Tokyo radiation hotspot 'not linked to Fukushima'
Elevated levels of radiation found in a residential area of Tokyo are almost certainly not connected to the stricken Fukushima nuclear plant, say officials.
The reading, taken on a small area of pavement in Setagaya ward, had fuelled fears about the possible effects of radiation from the plant.
But Japan's science minister said the radiation had been traced to material stored in the basement of a house.
Local residents had been told the radiation was no threat to health.
The hotspot was detected at height of about one metre above the pavement, after Setagaya residents who had been monitoring radiation levels alerted the authorities.
The ward is more than 200km (124 miles) from the Fukushima nuclear plant, which was damaged by an earthquake and tsunami in March, so the discovery led to fears that radiation from the damaged plant had spread further than previously thought and at higher levels.
"I've been measuring radiation levels throughout the metropolitan Tokyo areas, but I have never seen such a high level of radiation [as] I found here," one member of a nuclear action group told reporters.Old bottles
The area was cordoned off as a precaution and checks carried out while nuclear experts tried to establish why such a small area was affected.
These instances say more about the concern that people have about radiation here in Japan than the actual spread of radiation from the Fukushima nuclear plant.
Sales of Geiger counters have soared in recent months - people are going around checking their neighbourhood. That is how this hotspot in Setagaya was found. Had these worried people not been patrolling the streets, it might not have been discovered at all.
Signs of people's concern are visible all over Tokyo - labels have appeared in supermarkets showing where produce is from because some people are trying not to eat food from anywhere in the Fukushima region.
Nerves are still strained as the crisis to stabilise the nuclear plant drags on into a seventh month.
Other sections of the pavement - which is regularly used by children at a nearby school and nursery - were unaffected, said the Kyodo news agency.
"The readings were found in a very small area and we will take measures to resolve residents' concerns," a spokesman for the ward, Michio Hirasawa, told Bloomberg.
Setagaya Mayor Nobuto Hosaka said washing the pavement with water had not dispersed the radiation, Reuters reported.

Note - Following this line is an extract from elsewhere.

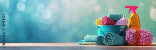Cleaning supplies arranged in a colorful bucket on a wooden surface

There were suggestions that contaminated rainwater could have collected on a rooftop before dripping on to the pavement. Officials said radiation tests would be carried out in 258 parks in the ward.
However, they said the reading of 3.35 microsieverts per hour was no threat to public health.
A person who stayed by the spot for eight hours a day for one year would receive a dose of about 17 millisieverts, said Kyodo.
The allowable limit set by Japan's government is 20 millisieverts a year, while most people are exposed to background radiation of 2 millisieverts every year.
But officials later said they were almost certain that the radiation had not come from Fukushima, after the source was traced to the basement of a nearby house, where an unknown material was being stored in old bottles in a wooden box.
Tests are now being carried out to confirm the bottles are to blame and to establish what they contain.
Health effects of radiation
- Most people are exposed to background radiation of about 2 millisieverts per year (mSv/yr)
- The lowest level at which any long-term increase in cancer risk is clearly evident is 100 mSv/yr
- Exposure to high levels of radiation can induce radiation sickness with nausea, headaches and vomiting
- Cancer is the biggest long-term risk of radiation exposure
- The extent of the damage depends on how long people are exposed to radiation, and at what level
The BBC's Roland Buerk in Tokyo says the alarm over the reading is a sign of the concern felt by people in Japan about contamination, as efforts to stabilise the Fukushima plant drag on.
The discovery in Setagaya follows reports that Strontium-90, which is linked to leukaemia, had been found on a rooftop in Yokohama, even further away from Fukushima.
Another hotpot was detected at a park in Chiba.
Last week, health workers began checking more than 300,000 children living near the Fukushima nuclear plant for thyroid abnormalities.
Parents have expressed concern about a link between thyroid abnormalities and radiation, citing reports of a rise after Chernobyl in 1986.
The Fukushima plant was crippled by the earthquake and tsunami in March which killed 20,000 people. Japan's government says the recovery and decontamination effort could take years.